Marmosets are one of my favourite animals
i have done alot of reserach and know alot about them and how to look after them and think im ready to own one and want to know where i can buy a marmoset in scotland
Please Help me
will be grateful
many thanks


----------



## Brat (Oct 7, 2007)

LOL huge mistake in there. You clearly haven't done enough research.


----------



## SiUK (Feb 15, 2007)

try PMing Nerys or Rory, because they can supply them and at the same time their vetting procedures will make sure your ready


----------



## Amalthea (Oct 2, 2007)

Not enough research if you think you can own ONE...


----------



## wallakenne (Nov 5, 2008)

you know what i mean lol
thanks ill pm them


----------



## Sarah-Jayne (Jul 4, 2007)

You gotta get a DWA license first of all


----------



## Nerys (Apr 18, 2005)

you don't need a DWA for marmies...

we have several available at the moment..

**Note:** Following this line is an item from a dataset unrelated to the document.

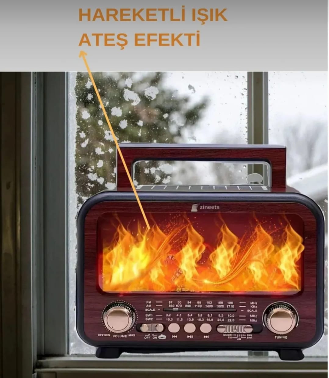 ☀️Alev Işıklı RGB LED Efekti – Ortamınıza sıcak ve nostaljik bir ambiyans katar.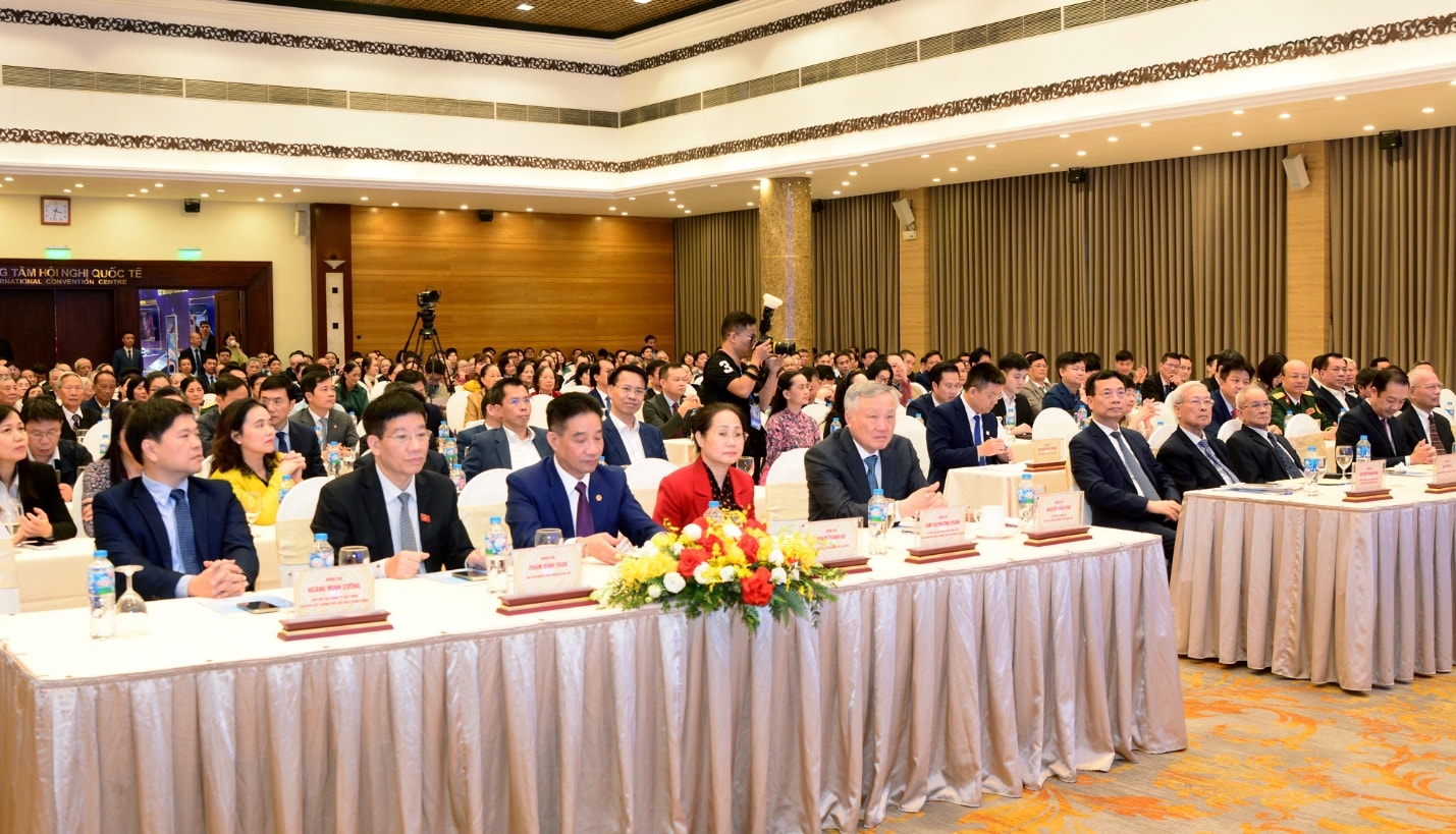 Phó Thủ tướng Thường trực Chính phủ Nguyễn Hòa Bình, Bộ trưởng Nguyễn Mạnh Hùng chụp ảnh lưu niệm cùng các đại biểu. Ảnh: Mạnh Vỹ.

cotton topped, black tailed, silvery, pygmy and a lone male geoffroys, but of course he needs to go somewhere with others..

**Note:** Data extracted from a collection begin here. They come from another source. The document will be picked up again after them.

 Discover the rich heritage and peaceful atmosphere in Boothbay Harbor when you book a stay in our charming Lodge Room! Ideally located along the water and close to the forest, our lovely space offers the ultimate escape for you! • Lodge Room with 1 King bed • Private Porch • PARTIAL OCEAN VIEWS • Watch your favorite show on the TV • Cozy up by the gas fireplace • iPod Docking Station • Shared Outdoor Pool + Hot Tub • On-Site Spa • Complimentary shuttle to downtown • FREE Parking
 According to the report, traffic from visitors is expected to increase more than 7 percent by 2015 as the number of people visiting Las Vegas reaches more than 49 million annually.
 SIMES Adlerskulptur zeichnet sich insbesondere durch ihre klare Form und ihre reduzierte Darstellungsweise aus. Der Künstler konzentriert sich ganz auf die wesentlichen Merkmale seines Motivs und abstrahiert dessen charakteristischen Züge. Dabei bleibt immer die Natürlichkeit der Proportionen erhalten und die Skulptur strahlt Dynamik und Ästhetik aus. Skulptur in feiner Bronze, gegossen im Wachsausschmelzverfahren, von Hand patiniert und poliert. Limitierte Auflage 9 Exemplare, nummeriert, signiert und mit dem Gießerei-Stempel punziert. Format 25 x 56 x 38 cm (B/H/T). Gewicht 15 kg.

Primates : TSKA Exotics!, Specialist Keepers Association

hth

Nerys


----------



## sue (Mar 17, 2005)

> You gotta get a DWA license first of all


You do? Maybe I didn't look properly. I thought marmosets were one of the few you don't need it for.


----------



## sue (Mar 17, 2005)

lol Nerys typed while I was looking it up!


----------



## Sarah-Jayne (Jul 4, 2007)

You need a DWA here? hmm weird


----------



## Sarah-Jayne (Jul 4, 2007)

Actually....it was a local pet shop that I heard you need a DWA from...I was listening in on a conversation when someone was asking if they could get them in, they said yes they can but in this area you need DWA and there is only one person in the whole of the East Riding that keeps marmosetes because of the strict regulations...

But having said that the same pet shop told me that my dalmation crested gecko would lose his spots as he grew up...:bash:

So they were probably talking complete and utter poop lol


----------



## rakpeterson (Oct 10, 2007)

Sarah-Jayne said:


> You need a DWA here? hmm weird


Im not 100% up on DWA but im pretty sure that the list is official and set out by defra and does not differ from county to county unlike cost and inspection does, so i think you'll find they are not dwa anywhere inc. hull


----------



## Nerys (Apr 18, 2005)

indeedy..

i would say your pet shop is talking crap i have to say, :lol2:

the regs for keeping marmies are so strict (not) that people can still keep them on their own in parrot cages in the lounge... marmies are i would think the most commonly kept primate in the private sector.

still you never know, they might get round to sorting out the primate code one day soon!

Nerys


----------



## Sarah-Jayne (Jul 4, 2007)

People keep them in parrot cages? thats kinda sad  can they be tamed so you can have them out the cage alot?

Yeah that pet shop has a habit of talking complete and utter poop lol


----------



## Nerys (Apr 18, 2005)

tbh, regardless of how tame they are, i don't think they should be kept in parrot cages, but yes, its not uncommon unfortunately.. i even know of pet shops with them on display in a chinchilla cage..



N


----------



## Sarah-Jayne (Jul 4, 2007)

I have to say I agree with that, surely they would require something more the size of a big outdoor aviary? but obviously not outdoors...


----------



## Amalthea (Oct 2, 2007)

Think they should be kept outdoors, actually... With a heated indoor section with an attached aviary.


----------



## Nerys (Apr 18, 2005)

tbh, they are better off outdoors.. although keepers tend to provide a shelter for them with heating installed.. and yes, large aviary sort of thing works well..

N


----------